= Cesar Garcia (curator) =

Mexican-born American scholar, writer, curator, and educator

Cesar Garcia (born 1985) is a Mexican-born American scholar, writer, curator, and educator. He is the founder and current director and chief curator of The Mistake Room, in Los Angeles.

==Early life and education==
Born in Mexico and raised in the United States from the age of six, Garcia grew up in the Pico-Union neighborhood of Los Angeles. Upon graduating from Bravo Medical Magnet HS in Boyle Heights, Garcia went on to earn a dual bachelor's degree in Political Science and Chicano Studies from UCLA in 2007. Garcia then attended USC's Roski School of Art and Design, where he completed a Master's in Public Art Studies in 2009. His master's thesis, based on extensive field research, mapped the growth of alternative and artist-run spaces along the U.S.-Mexico border during the height of the violent cartel wars.

In 2009, Garcia received a Eugene Cota-Robles Doctoral Fellowship from UCLA's Department of World Arts and Cultures/Dance.

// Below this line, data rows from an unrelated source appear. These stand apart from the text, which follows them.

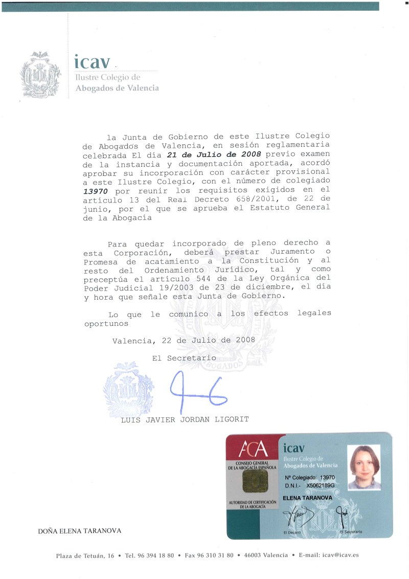 Член коллегии адвокатов г. Валенсия, лицензия № 14.219
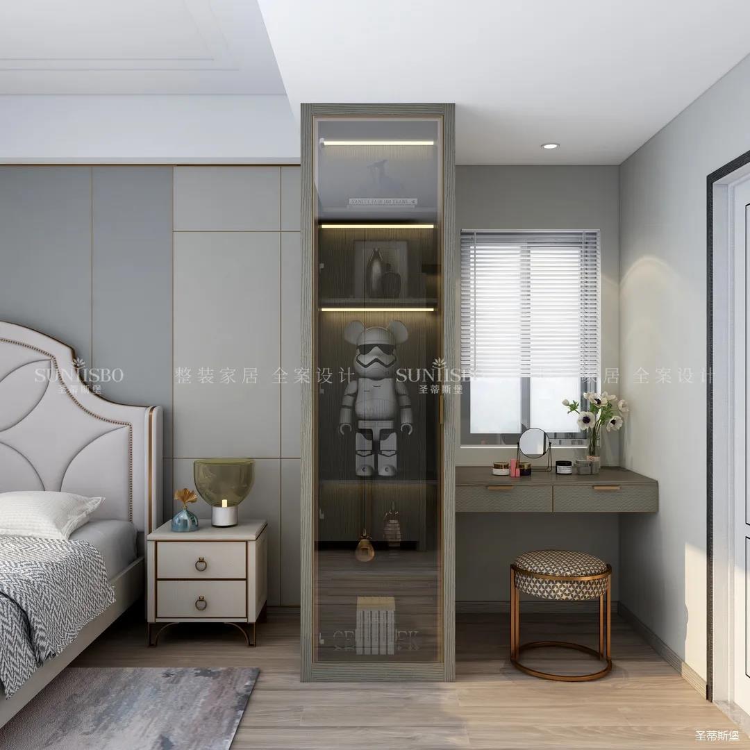 主臥的設計,整體風格與色調的一致,通過空間設計與軟裝細節(jié)的調控,顯得主臥多了一份寧靜與放松。四照花床屏的細節(jié)、材質色彩的把握、隔斷小書桌的設計,無不體現(xiàn)著設計師獨特的品位和全案設計的能力。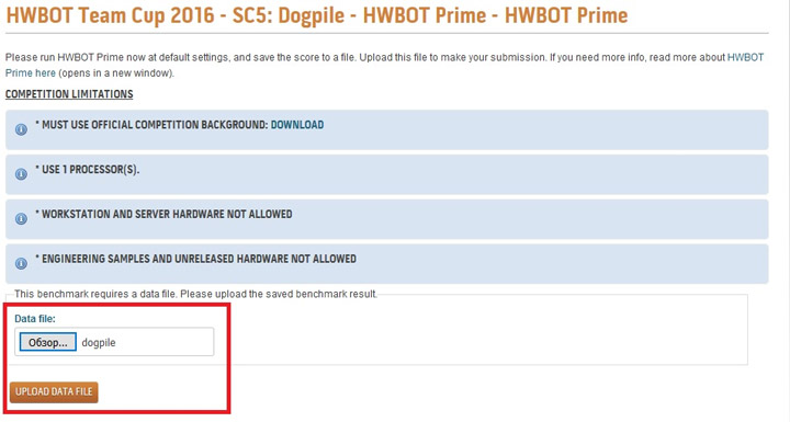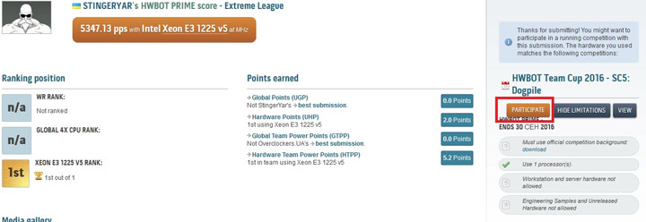 - Зайти на сайт HWBot.org и в своем личном профиле (Кнопка My profile) подать лучший результат на соревнование (переходите на страницу этого результата и в правом углу ищите HWBOT Team Cup 2016 – SC5:Dogpile, после чего нажимаете кнопку Participate).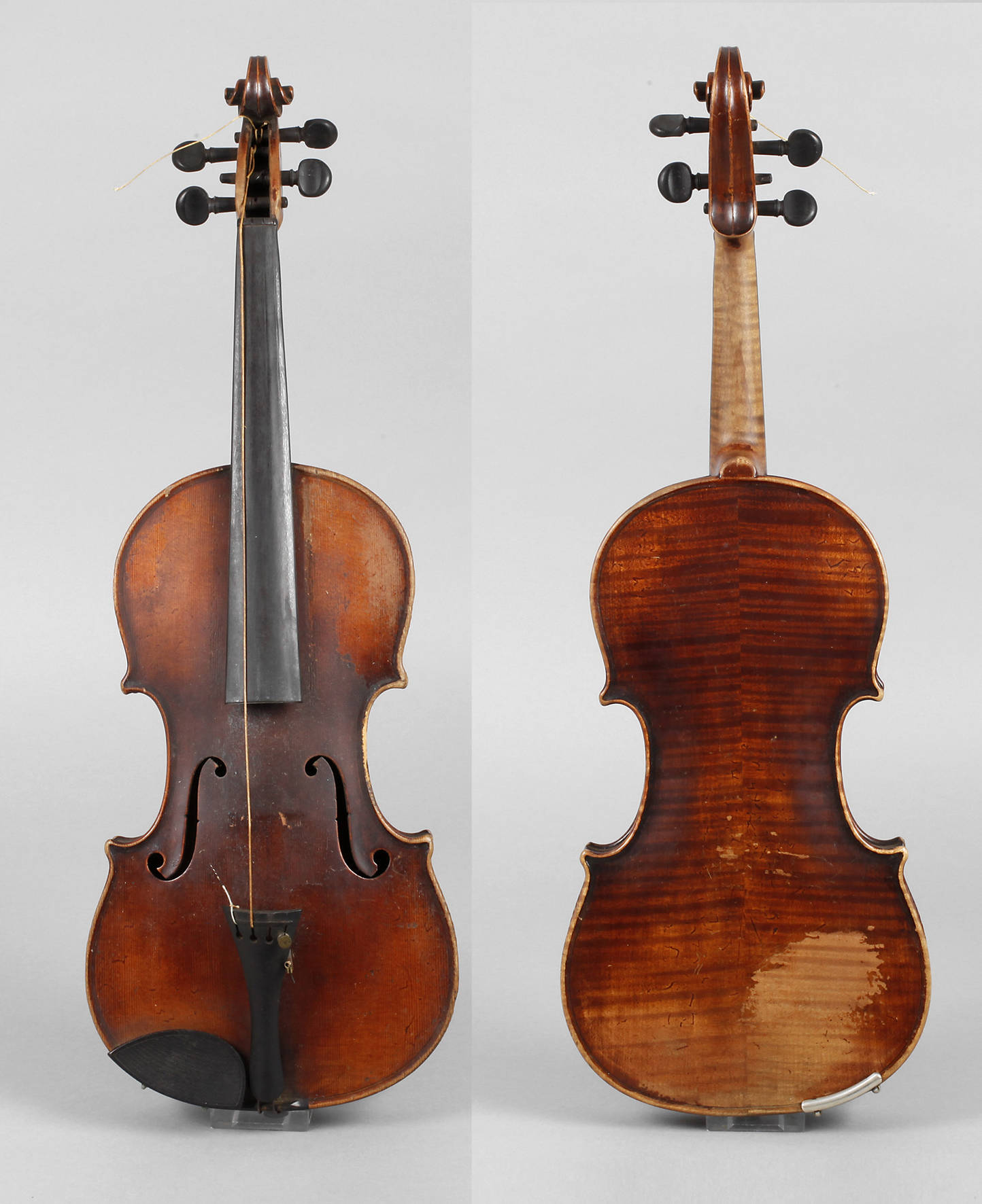 Anfang 20. Jh., mit Modellzettel Antonius Stradivarius Cremonensis, geteilter, gleichmäßig geflammter Boden in dunkelbraunem Lack, dreiteilige, umlaufende Randeinlage, Decke mit verfestigter Rissbildung, starke Alters- und Gebrauchsspuren, mit defektem Bogen, im Etui, L Korpus 35,4 cm.

==Career and exhibitions==
Since 2012, Garcia has been the Founding Director and Chief Curator of The Mistake Room—LA's only independent, non-profit cultural institution solely devoted to an international program of art and ideas. From 2007 to 2012, Garcia served as the associate director and Senior Curator at LAXART, Los Angeles. In 2008, Garcia served on the curatorial team of the 2008 California Biennial at the Orange County Museum of Art (curated by Lauri Firstenberg, PhD) and in 2012 he was one of the curators of Made in L.A. 2012, the first Los Angeles Biennial organized by the Hammer Museum and LAXART. Garcia was the U.S. Commissioner of the 13th International Cairo Biennial, and in 2013 served on the curatorial research committee of the 55th International Venice Biennale curated by Massimiliano Gioni.

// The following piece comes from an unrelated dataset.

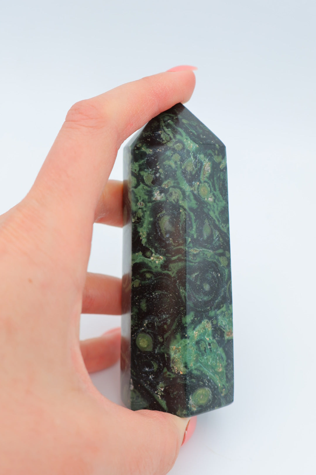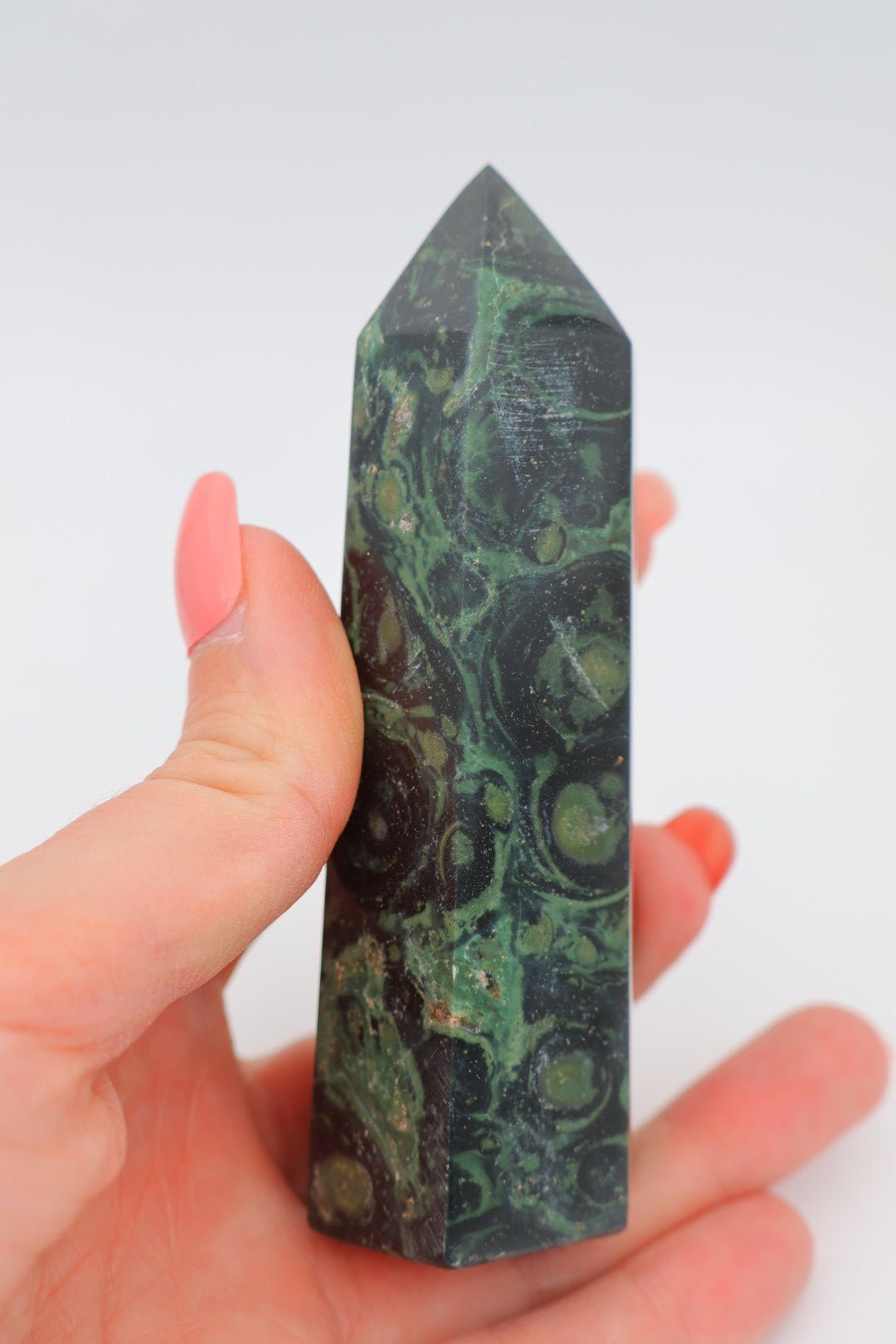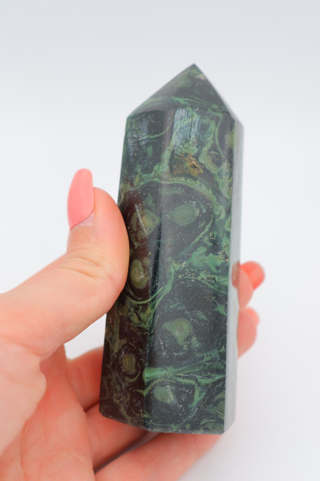 Een Kambaba Jaspis toren van 218 g en 10.4 bij 3.7 centimeter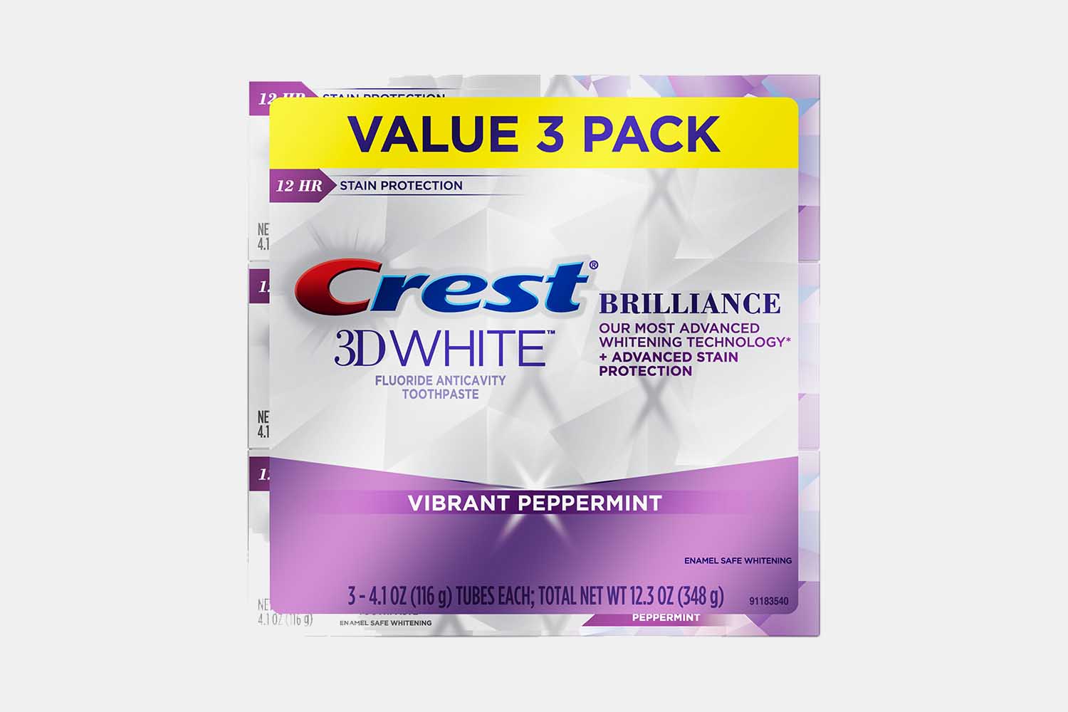 Another whitening toothpaste Laylieve recommends is Crest’s 3D White Brilliance, a peppermint-flavored toothpaste with 12-hour stain protection that removes up to 95% of surface stains in 3 days and will deliver you, as one satisfied customer reported, “movie star teeth.”

Garcia's notable exhibitions and projects include Joel Kyack's freeway puppet theater Superclogger (2010); Marcos Ramirez' ERRE's retrospective exhibition at the Museo de Arte Carrillo Gil, Mexico City (co-curated with Kevin Power); a re-staging of Mark di Suvero's Artists Tower of Protest for the Getty Foundation's Pacific Standard Time Performance and Public Art Festival (2012); the U.S. museum premiere of Egyptian artist Wael Shawky's Cabaret Crusades at the Hammer Museum (2013); and Eduardo Sarabia's mid-career survey at the Instituto Cultural Cabañas in Guadalajara, Mexico (2014), amongst others.

At The Mistake Room, Garcia has organized the first U.S. institutional solo show of Colombia-born, UK-based artist Oscar Murillo (2014); the first Los Angeles solo show of Thailand-born, NY-based artist Korakrit Arunanondchai (2014); a survey of artist Gordon Matta-Clark's films (2014); a focused historical exhibition devoted to the work of American abstract expressionist painter Ed Clark (2015); and the first U.S. solo show of Argentina-born, Guatemala-based artist Vivian Suter (2015).